Daniel did not grow up in an impoverished home or in lack of discipline and rules or defined bedtimes. He had standard times for dinner just like all of us in the house. He did scoot out of the house a few times at night, but was rather ingenious about it. He would disarm the alarm sensor on his window by taking the battery out and climb down the second story window putting his foot on a dryer vent on the outside wall of the house and climbing out, presumably to go visit his friends or girlfriend. I only found out about it when I found the dryer vent on the ground. I didn’t like it, and I think he lost his cell phone privileges for two months or so, but it was pretty creative. If my father were alive, he might add a paragraph or two about similar things that I did as a teen.
Daniel had his own cell phone, and when he broke the rules and used it at the wrong times, it was taken away from him for a short period of time and then given back to him so he could try again.
He definitely required more monitoring and discipline than the other three boys within the household.
Daniel was not a product of an unstructured life or one without discipline and or consequences or one of poverty. Daniel simply developed, over time, multiple mental illnesses that he did not decide to have. They just occurred.

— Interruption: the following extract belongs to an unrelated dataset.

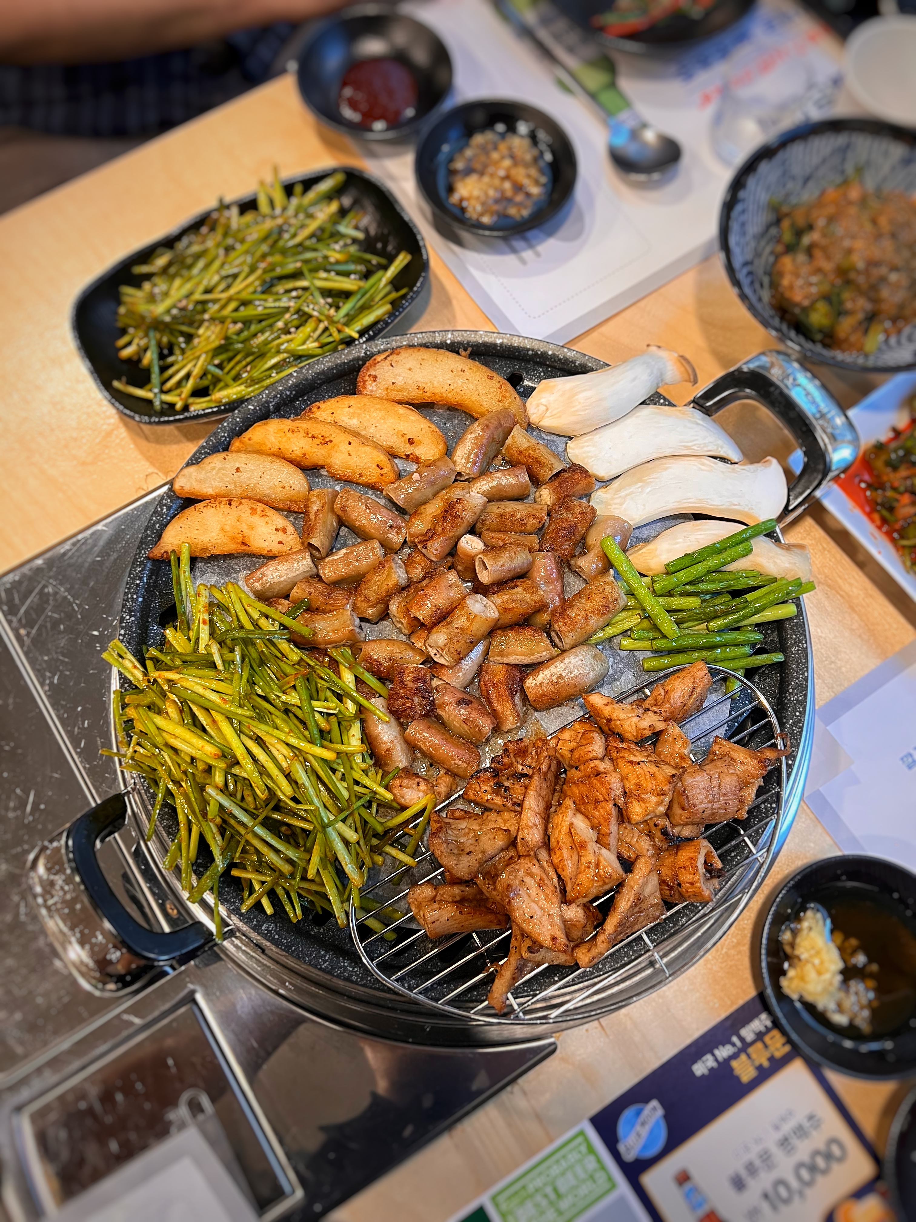곱창물래 시그니처 곱창구이. 곱창구이 한켠에도 부추가 수북하다. 곱창은 원물 기준으로 1인분 200그램인데 구웠을 때 아무래도 중량이 줄 수 밖에 없다. 아랫쪽에 있는 특양은 140g 기준이다.

I make all of these remarks in an attempt to remove the stigma of how most of us think about mentally ill individuals as we walk by them.
Mentally ill people don’t act like us, they don’t talk like us and they don’t think like us, and because of this we are fearful of them and walk at a quick pace to ensure there’s a distance between us and them. Then, as we walk away, we stigmatize them and suggest that all of this is their own damn fault.
Daniel had a bright life ahead of him, and where some people develop heart conditions and other others develop cancer and others have a birth deformity, Daniel developed multiple mental illnesses of no fault of his own.
Why do I share all of this information with you? It’s to begin the process of helping people to develop a sympathetic position towards the mentally ill.
Sympathy will drive change into how our society can help these poor souls who did not choose the tormented life that they live.
Consider the potential cost of providing care for the mentally ill, and in some cases involuntarily, against the cost of the injuries they can cause to innocent people, the cost in our court systems, the cost in our jail systems and, most importantly, the cost to society who no longer feel safe anymore, anywhere.
If you truly want to be part of the change, do what I have done along with every other member of our family and friends. Write your senators and your representative and continue to badger them to make a change.
We are the solution.
Mort Kahn is the father of Daniel Kahn, who was shot and killed by the police on July 31 in Springfield, Oregon.